Karl shrugged. “So, we take a flier, Lenny, and if it doesn’t work out then GenTech Entertainment shoots her in profile. People won’t be looking at her neck, much, anyway. ’Cept the ones who are into it. There are those. Say something, sweetheart.”

This last to the girl, who dredged up as much basic English as she knew how to speak. It wasn’t so much that she was following orders as that it cost her nothing to do so, it was something to do, and she might as well do it as not.

“What do you want me to say?” she asked.

“I like the voice,” said Karl. “Personality.”

“Microtremors show an incredible potential range,” said Lenny, waggling his data unit meaningfully. “I think we might just have ourselves a screamer here.”

“What’s your name, sweetheart?” asked Karl.

“Trix,” the girl said. “My name’s Trix.”

“Nice name,” said Karl. “Very apt.” He pulled a paint-stick from his pocket and scrawled a small collection of symbols down her arm. “Now what I want you to do, sweetheart, is go over there. They’ll take care of you over there.”

He shoved her off in the direction of the biomedical monkey-puzzle, and big, old people in white who would babble about path-testing and debriding, and shove a needle in her, arm and that was the last thing she remembered for a while.

Her eyes and lips were crusted with dried mucus when she woke, at last, to find herself lying on something flat, and impossibly soft, and with an IV-drip in her arm.

Dark shapes hazed before her against a blazing white light.

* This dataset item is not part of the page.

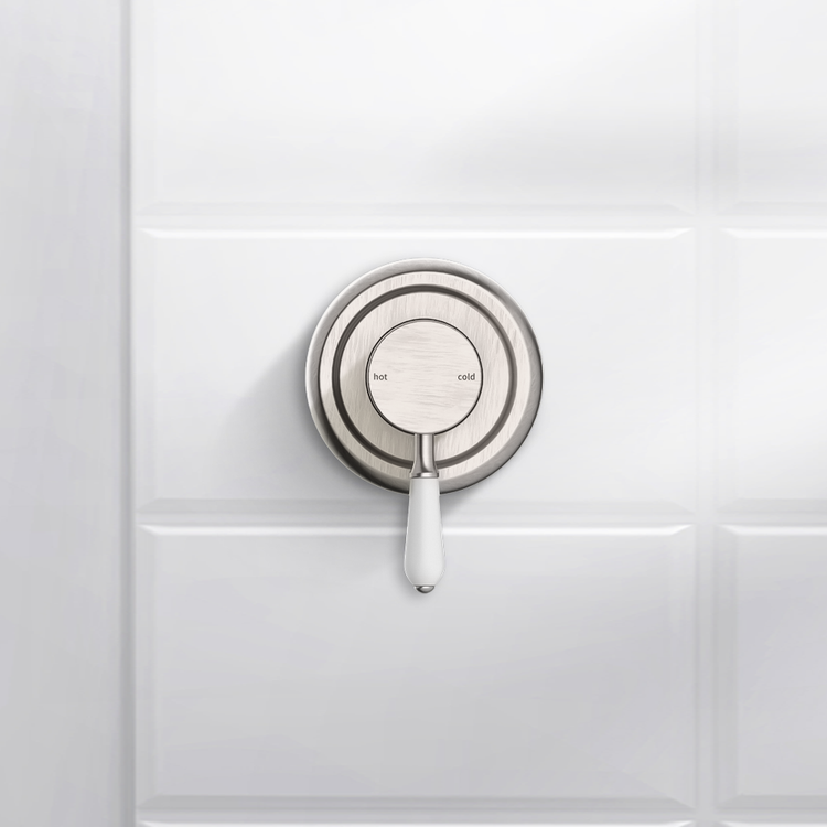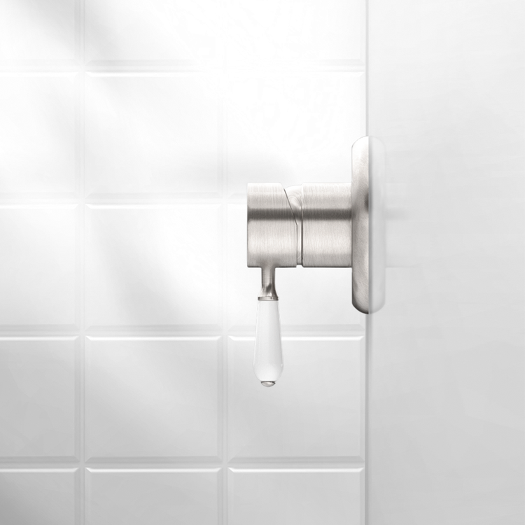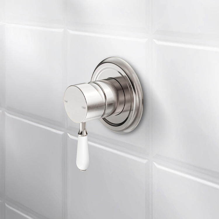 Nero York Shower Mixer With White Porcelain Lever Brushed Nickel
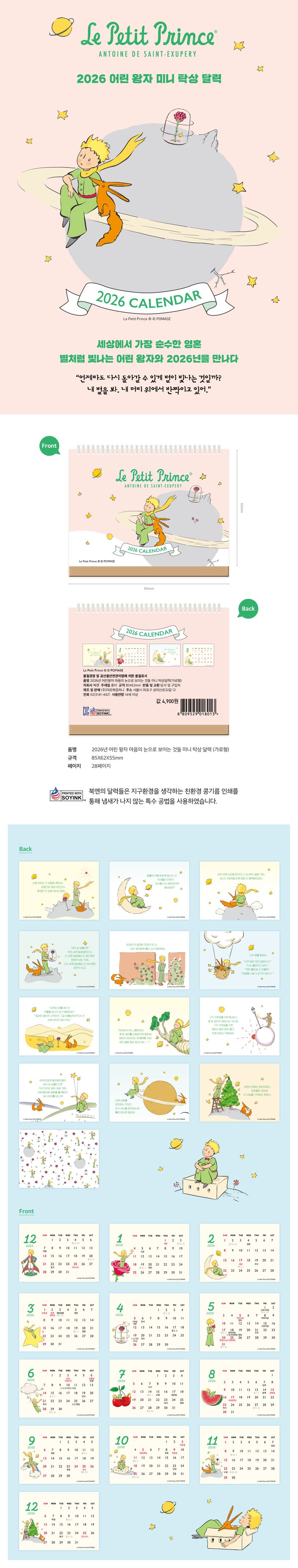 전 세계 독자들의 사랑을 받아온 명작 《어린 왕자》가 특별한 모습으로 새해를 밝힙니다. 손바닥 안에 쏙 들어오는 85×62 사이즈의 미니 달력으로 제작되어, 언제 어디서나 어린 왕자의 따뜻한 이야기를 곁에 두고 즐길 수 있습니다.

Something hard and shockingly cold was pressed against the sore in the side of her neck, and she tried to jerk her head away. She found that her cheeks, however, were pressed between two padded blocks, rendering her head immobile.

Something she simply did not recognise was water, for the simple reason that it was not sludgy and stinking, dropped onto her eyes and lips. She opened her eyes.

A man with a shaven head and a jet-black Suit loomed over her. Impossibly old, even older than the guards in the Camp. Possibly even thirty, if such a thing could be imagined.

Something cold and slim and tubular slid into her mouth. She tried to spit it out.

The man slapped her. Not particularly hard, just hard enough to hurt.

“Drink it,” he said.

Trix drank what she would later learn to be fruit juice warmed to body-heat so that the basic unfamiliarity of it would not be rejected by her body. All the same, her blood-sugar rocketed too fast for an atrophied liver to even begin to cope-and due to the clamped position of her head, she almost choked to death before hands, off to one side that she couldn’t see, found an aspirator.

After she was more or less settled, the man looked down at her and smiled. It was probably meant to be reassuring, but even Trix could see that it was just a movement of his mouth; he’d trained his mouth to move in a certain precise way and didn’t mean it at all. Even though she couldn’t see them for the obloids of black glass that covered them, Trix knew that the smile never had and never would touch his eyes.